Thanks again everybody, very helpful!
seventwin - agree with the others about pushing for tests sooner. And frankly it pisses me off no end when docs diagnose a murmur as a flow murmur without doing an echo especially when the baby displays other symptoms. Please push for the echo asap. Grr on your behalf.
Are they doing a bronchoscopy ? My ds had a double aortic arch - birth defect where his aorta was malformed and was effectively strangling him. He was fine ish until he got an infection and needed to be ventilated. Extremely rare though. More common although still fairly rare are laryngomalacia or tracheamalacia. Or early asthma symptoms. You definitely need a specialist, as soon as possible, but you know that.

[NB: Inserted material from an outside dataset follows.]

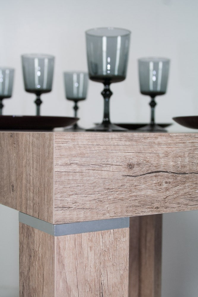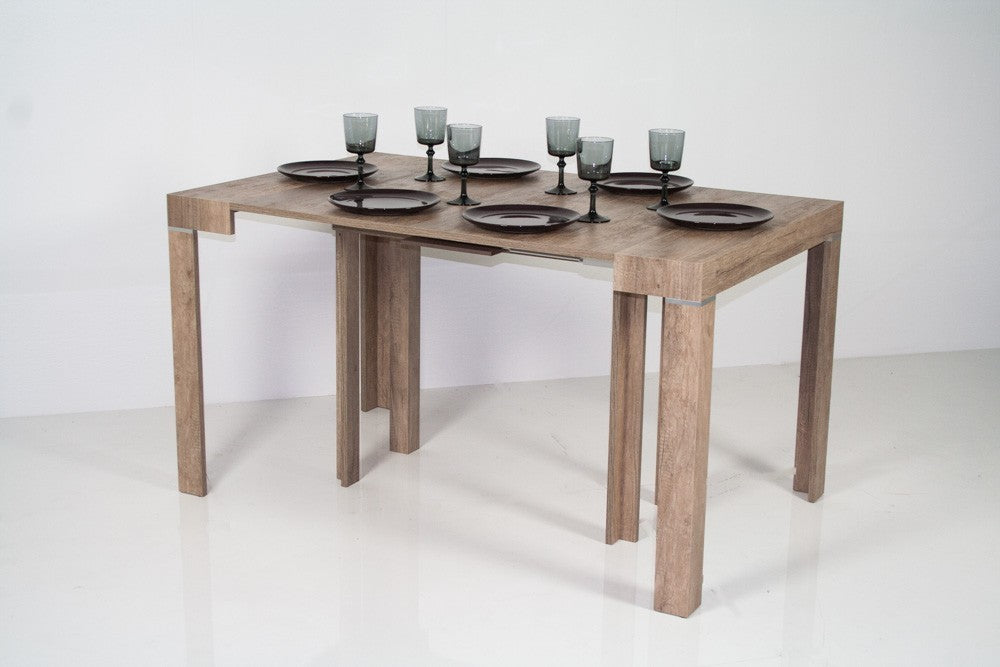Eine Konsole, die sich mit wenigen Handgriffen in einen Tisch verwandelt, der verschiedene Größen von bis zu 3 Metern erreichen kann.

sounds very similar to my son, he was rushed into hospital at 5 weeks old wiht fast breathing and grunting, then again at 8 weeks with bronchiolitis. then every month until he was 2.5 he had a chest infection. he has just turned 3. he always had tugging in at his neck, chest recessions and his ribs also kick out at the end. we have had many admissions to hospital, and lots of inhalers and steroids-steroids always work. The specialist all seem to think that the bronchiolitis has caused this and whenever his immunity is down he gets "asthma/bronchiolitis" symptoms. it has been hard work. i had to wait quite a bit to see a specialist and actually the first lot were rubbish so changed hospitals- he has a tendency to be anaemic too and lacks vitamin d ? your baby might just outgrow it- i have met lots of bronchiolitis babies and they seem to outgrow it.
my son was also poor at feeding, the breathing made him work hard and found feeding tiring. if i was you i would take baby to a good hospital a and e, that way they see baby when off colour etc, my son would be breathing fast etc but always smiled at the doctors which made it so worse- i felt they never looked beyond the smile!
Woops, ds2 had laryngomalacia. He had difficulty feeding and failure to thrive because of it. He outgrew it. I'm sure ds3 also had it but the GP wasn't convinced. We had lots of trips to a&e and he was very prone to croup but he is now 6 and although he still grunts when he has a cold he is very healthy.
After affirmation from all of you of the seriousness of this I got on the phone and to the GP last week and the appointment has been brought forward to this Monday 12th....so pleased. Have written a huge list of all issues which we can take with us. Also, have the echo on 27th November so all in place now which is good. She is feeding much better over the past couple of days which is good too. I'll keep a note of all your thoughts on what it could be and take them with us up the hospital!